My request returns 500 Internal Server Error

  • Retry once after 10 seconds. The router handles most transient backend failures internally, so a 500 that reaches the client typically indicates an unhandled condition.
  • If 500s appear in a burst shortly after a router release, the root cause is often database role-grant drift (PostgreSQL 42501) that requires an operator-side refresh migration. Capture the X-Request-ID header and contact support; the issue cannot be self-diagnosed from the error envelope alone because the underlying sqlState is logged server-side, not surfaced in the response.
  • Persistent 500s on a single route after a release should be reported with the request ID and approximate timestamp.

My responses are slow

  • Use streaming to reduce perceived latency.
  • Check if your prompts are optimized for prefix caching. See Prefix Caching.
  • Consider a GPU tier for latency-sensitive workloads.
  • Reduce max_tokens if you do not need long responses.

My streaming connection drops

  • Check your client's read timeout, it must exceed the tier's idle stream timeout.
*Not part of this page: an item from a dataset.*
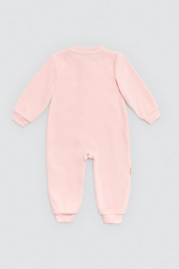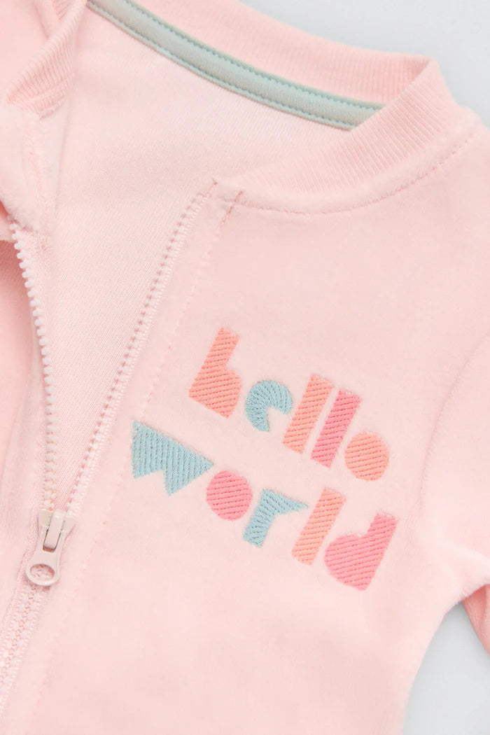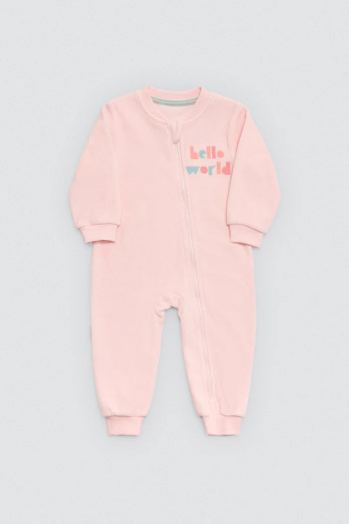 Βρεφικό unisex ολόσωμο κορμάκι της εταιρείας Ysabel Mora, από απαλό και ποιοτικό ύφασμα με ζεστό φλις στο εσωτερικό, ιδανικό για άνεση και θαλπωρή τους πρώτους μήνες. Διαθέτει μακρύ μανίκι, κλειστά ποδαράκια και πρακτικό μπροστινό φερμουάρ για εύκολο ντύσιμο. Το απαλό ροζ χρώμα και το παιχνιδιάρικο κέντημα hello world χαρίζουν μια γλυκιά, τρυφερή εμφάνιση. Συνιστάται πλύσιμο σε χαμηλή θερμοκρασία και από την ανάποδη πλευρά, ενώ καλό είναι να αποφεύγεται το στεγνωτήριο για να διατηρείται η απαλότητα του υφάσματος.

The foundational tiers are 120 seconds for free and 3600 seconds for self_hosted; custom tiers may set any value. The active idle timeout is visible on the tier configuration in the dashboard.
  • The server sends heartbeat comments every 15 seconds to keep the connection alive. If you are behind a proxy, ensure it does not strip SSE events or impose its own timeout shorter than the idle timeout.
  • If you receive an event: error, the stream has been terminated by the server. Check the error type for the cause.

When to Contact Support

Contact support if:

  • You receive persistent internal_error (500) responses that do not resolve with retries.
  • You see backend_unavailable (503) errors consistently for more than 5 minutes.
  • Your usage metrics do not match your billing.
  • You suspect unauthorized access to your account or API keys.

When contacting support, include: your project ID, the endpoint name, the request ID from the X-Request-ID response header, the error response body, and the approximate time of the issue.